Two faithful, deterministic GPU-backend changes that make the texture path
correct for whatever textured draw the splash eventually dispatches. Both are
currently inert on Sylpheed (the textured logo draw is still gated downstream
— see below), but neither shifts the stable-digest golden, so they land safely.

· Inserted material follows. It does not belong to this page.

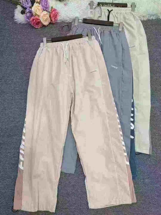 400条,港风休闲裤女夏季新款宽松阔腿裤薄款抽绳束脚拼接学生运动裤,独立包装,码数S-3XL,全清7.8元,分货+0.5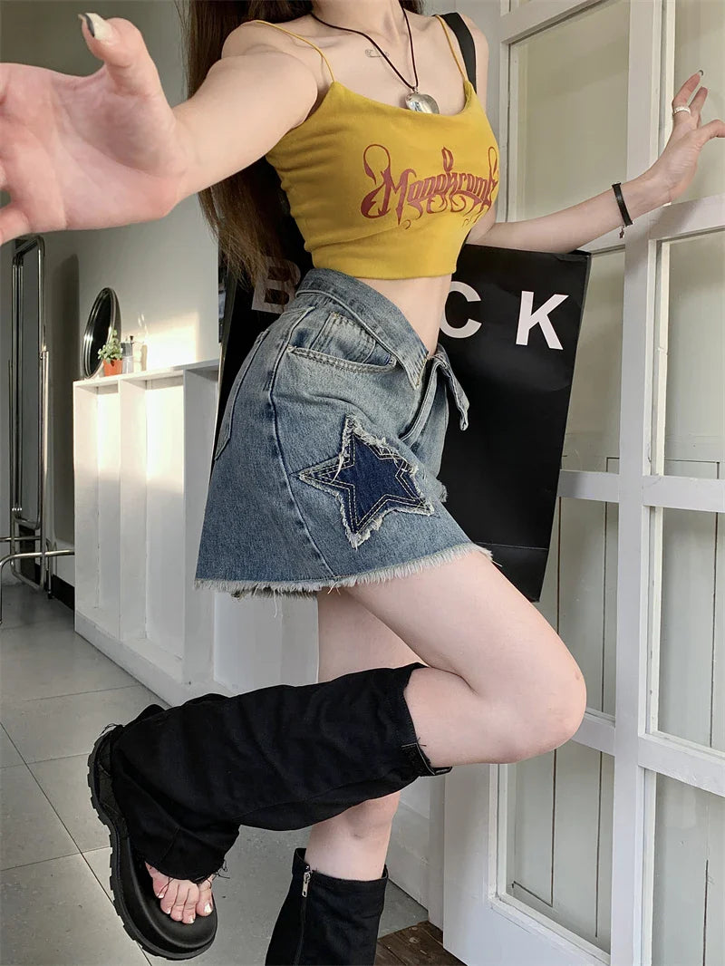 Y2k Star Patch Raw Hem Cuffs A-line Short Skirt

1. Un-stub RectangleList primitive expansion (primitive.rs). The splash submits
   2819 RectangleList draws at 200M, all of which were REJECTED by the P3 stub
   (`gpu.primitive.rejected{rectangle_list}`) → only ~592 flat point/quad draws
   rasterized. Mirror canary's intent (primitive_processor.cc:389-456
   kRectangleListAsTriangleStrip) within our CPU index-rewrite idiom: emit each
   rect's 3 real vertices as one TriangleList triangle (v0,v1,v2), rejected=false,
   faithful host_vertex_count. The full quad (synthesized 4th corner v3=v0+v2-v1)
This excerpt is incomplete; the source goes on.